Mike Gilson develops C software for VAX/VMS, UNIX, and MS-DOS platforms, for the Allen-Bradley Co. He can be reached at Internet address gilsonm@edn.lcd.ab.com.
make, a tool available for virtually every operating system, speeds the building of systems by recompiling and linking only those elements of a program that have had source code changes since the program was last built. This article presents a small version of the make utility based on a graph algorithm called Depth-First Search. Figure 1 contains a directed graph, or digraph, that represents the dependencies of the files which comprise hello.exe. (The term directed graph, or digraph, refers to the one-way relationship between the files. An executable file is built from the source code. The source code is not built from the executable.)
How make Works
In make terminology, hello.exe is referred to as the target and the object files are its dependencies. make must determine whether hello.exe is up to date with respect to its dependencies. make also verifies that the object files are up to date with respect to their dependencies. hello.exe is newer than either of the object files, making it current with respect to its dependencies. main.c has been modified since main.obj was rebuilt, so main.obj must be rebuilt, making it newer than the target, hello.exe. So make rebuilds the target. make does not rebuild hello.obj since its last change occurred before the last change to the target.
Using a Makefile
A makefile contains statements that describe the file dependencies and the commands required to build objects and executables. A programmer uses a makefile to translate the graph in Figure 1 into something meaningful to the make program.Listing 1 contains the makefile for hello.exe. hello.exe, the target, begins in column 1 of the makefile, followed by hello.exe's dependency list on the same line after the colon. The next line links the two files, creating the hello.exe executable. The third line copies the executable to another directory.
Program Structure
This implementation of make contains four parts: the main function, the command-line parser, the makefile parser, and the executive. The main function (Listing 2) calls the makefile parser and the executive and then exits. The fatal_error routine prints an error message, when necessary, then exits the program.The command-line parser processes any arguments that are passed to the program when invoking make. This program allows the user to pass two arguments to make: -f (filename) and -t (target). -f allows the user to specify an alternative to the default filename, Makefile. -t specifies which target to build. The program creates the default from the first target label appearing in the makefile (in this case hello.exe).

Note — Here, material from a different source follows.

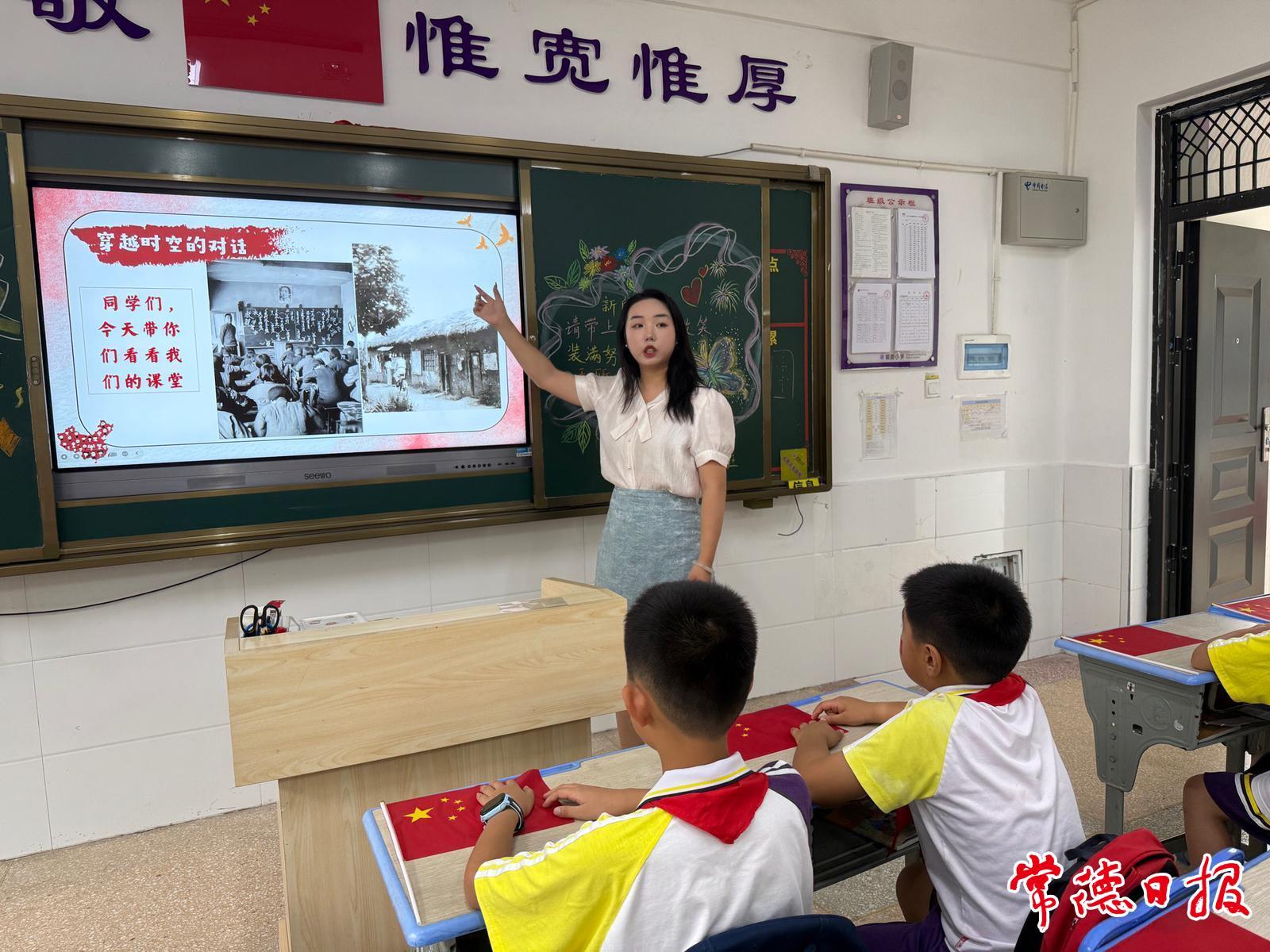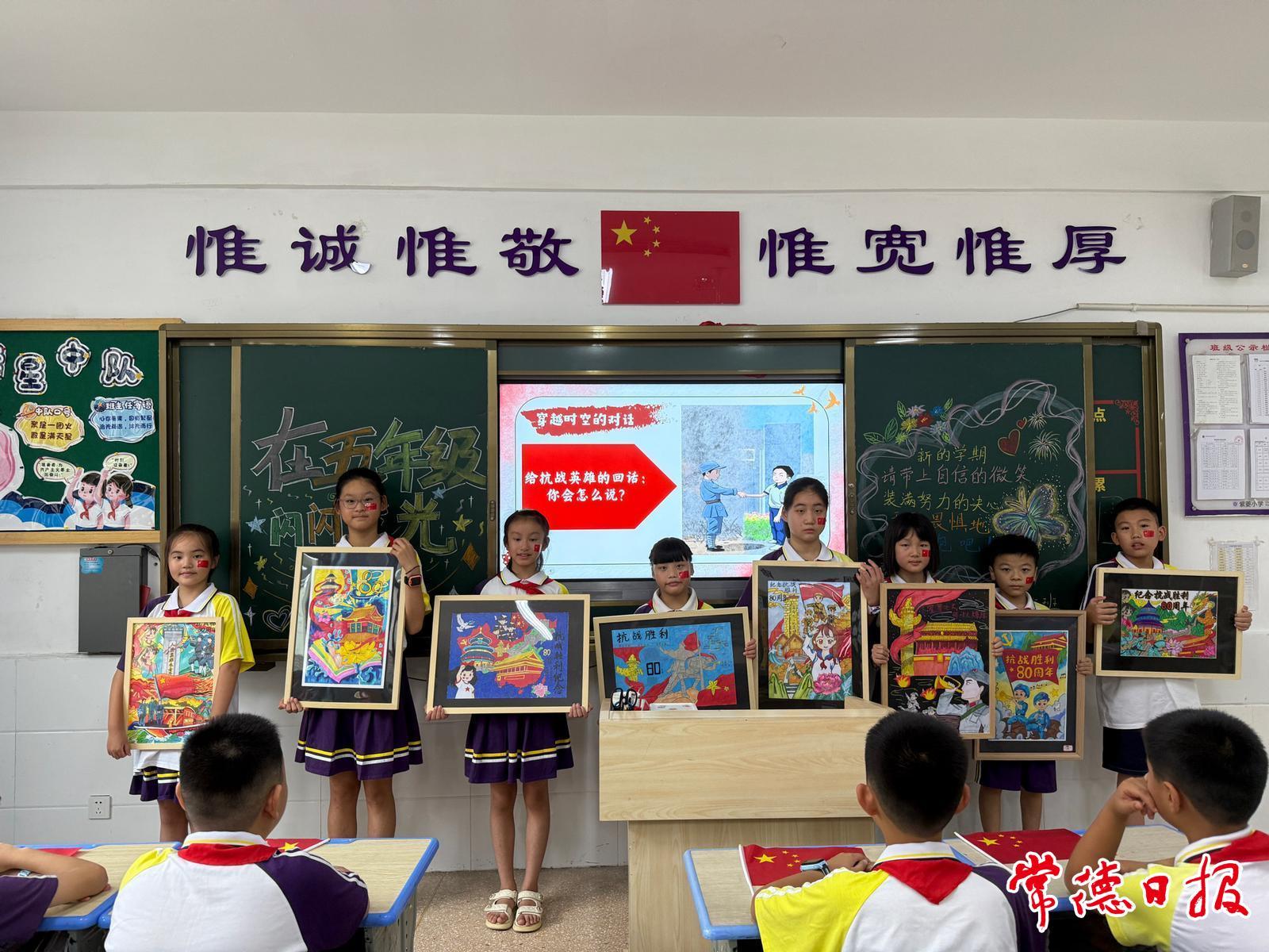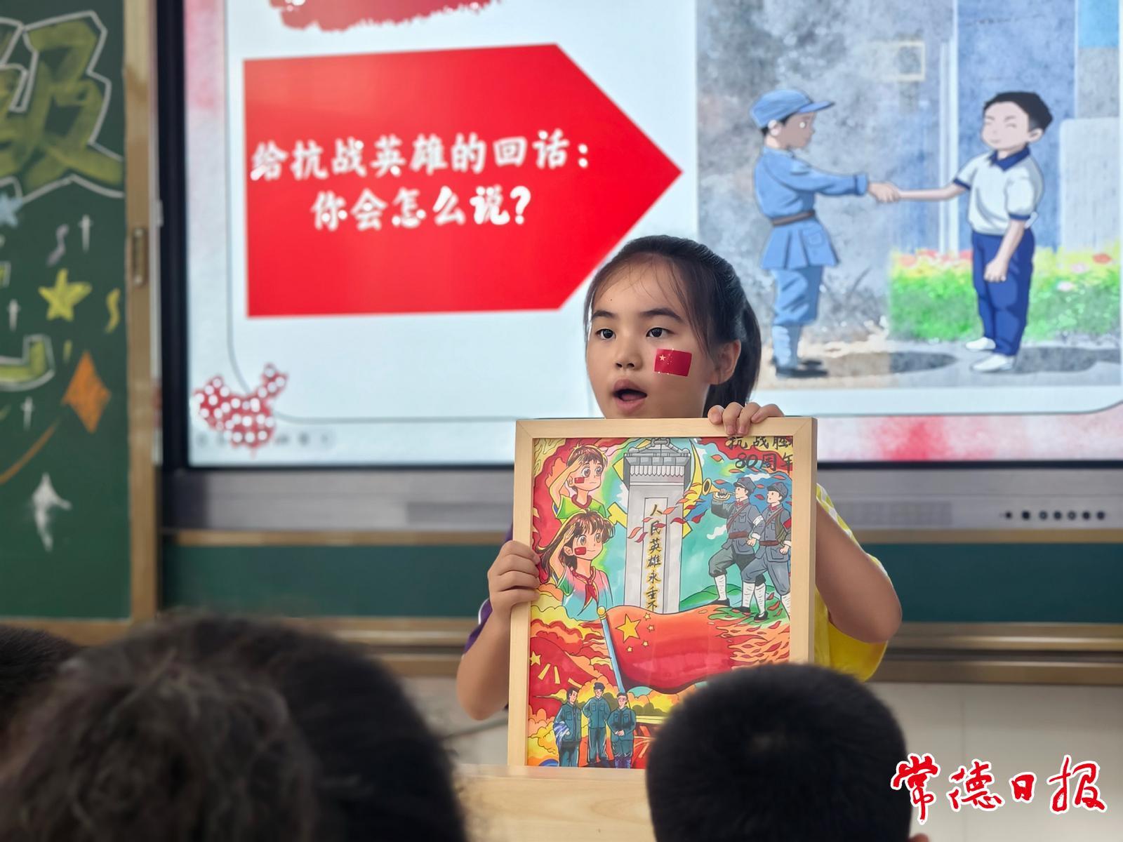 常德日报记者 黄云霞 通讯员 高虹 刘彬彬 文/图 “平型关大捷打破了日军不可战胜的神话,狼牙山五壮士用生命诠释了民族气节!”9月1日上午,武陵区紫菱小学45班教室内,班主任肖伊含以抗战故事为核心,上了一堂别开生面的思政课。

The makefile parser reads the makefile and stores the dependencies in a data structure called an adjacency list. An adjacency list is a two-dimensional linked list. The vertical dimension is a linked list of all n vertices in the graph, where each vertex is a target or dimension: its dependency list and its command list. Either or both of these lists may be null lists. Figure 2 shows an adjacency list of hello.exe and its dependencies. proto.h is an example of a vertex with null dependency and command lists.
Listing 3 shows the declarations of the three structures used to implement the adjacency list representation of the digraph of a makefile. These structures are TARGET, DEP, and CMD. They correspond to each target and its lists of dependencies and commands, respectively.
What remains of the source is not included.